Ich habe Rat in einem anderen Forum gesucht und da sagte man mir, dass man Gentoo heutzutage mit stage3 installiere. Ich tat dies auch so und es klappte wunderbar. Aber jetzt aufeinmal startet Gentoo auch nicht mehr, da nun /bin/bash nicht gefunden wurde...

Es scheint so, als ob Linux diese wichtigen Programme einfach löschen würde... ich habe die Installation schon öfters wiederholt, aber es passierte immer das gleiche!

Was kann ich dagegen tun?  :Sad: 

Benutzt habe ich die 2006.1

Vielen Dabk voraus ^^

----------

## SkaaliaN

Was hast du denn für einen CPU und was für eine LiveCD?

----------

## Motorroller

Bitte schlagt mich nicht für die nun folgende Frage, aber kann es sein, dass noch ein paar alte Dateien aus dem Stage-1-Archiv auf der Platte liegen oder hast Du diese bei der Neuinstallation ordentlich formatiert?

----------

## Takumo

Pentium 4, 2,80GHz!

Hab da immer x86 benutzt und die minimale LiveCD 2006.1

----------

## slick

 *Takumo wrote:*   

> ich habe die Installation schon öfters wiederholt, aber es passierte immer das gleiche

 

Also rein durch die Installation gemäß Handbuch wird sowas sicher nicht passieren, es sei denn Du betreibst wirklich sehr exotische Sachen. Ich vermute Du machst an einer Stelle immer den gleichen Fehler.
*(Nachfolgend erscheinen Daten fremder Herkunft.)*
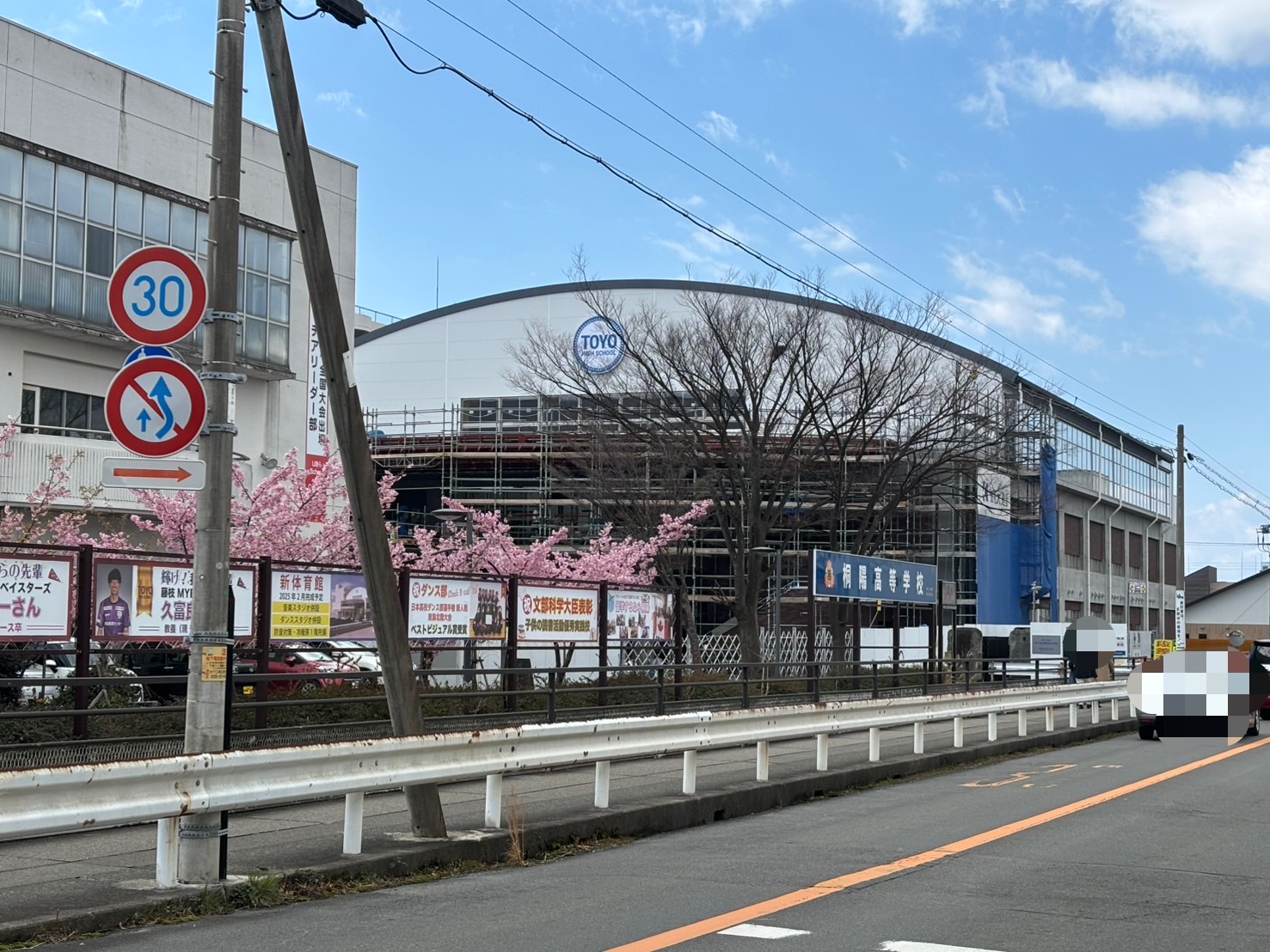 とうよー高校、新体育館つくってる。2025年春完成予定だそう。より

Nimmst Du nach der Installation bestimmte Anpassungen vor? Wie äußert sich der Fehler genau? (Fehlermeldung) Wann genau tritt er auf? (Nach dem Reboot oder nach installieren von bestimmten Paketen?) Was war jeweils das letzte was Du vor auftreten des Fehlers gemacht hast?

----------

## Takumo

Nun, es tritt ja während der Installation auf:

Also, z.B. bei der Stage1 installation:

"emerge system" (habs auch mal mit emerge system -e probiert, war aber genau das gleiche), nun kommt die Meldung, dass ca. 50 Pakete installiert werden müssen. Gut, läuft auch ohne Probleme. Bis dann irgendwann, so bei Paket 12 oder so,  nach dem Konfigurieren die Meldung kommt, dass "make" nicht gefunden wurde. Ich vermute, dass das Paket vorher diese Datei irgendwie gelöscht hat. Dann habe ich mal versucht, make von einem anderen Linux-Computer herüberzuziehen. Das Kompilieren lief auch wieder, bis es erneut abbrach mit der Meldung, dass "groupadd" nicht gefunden worden sei. Tja, und so läuft es die ganze Zeit...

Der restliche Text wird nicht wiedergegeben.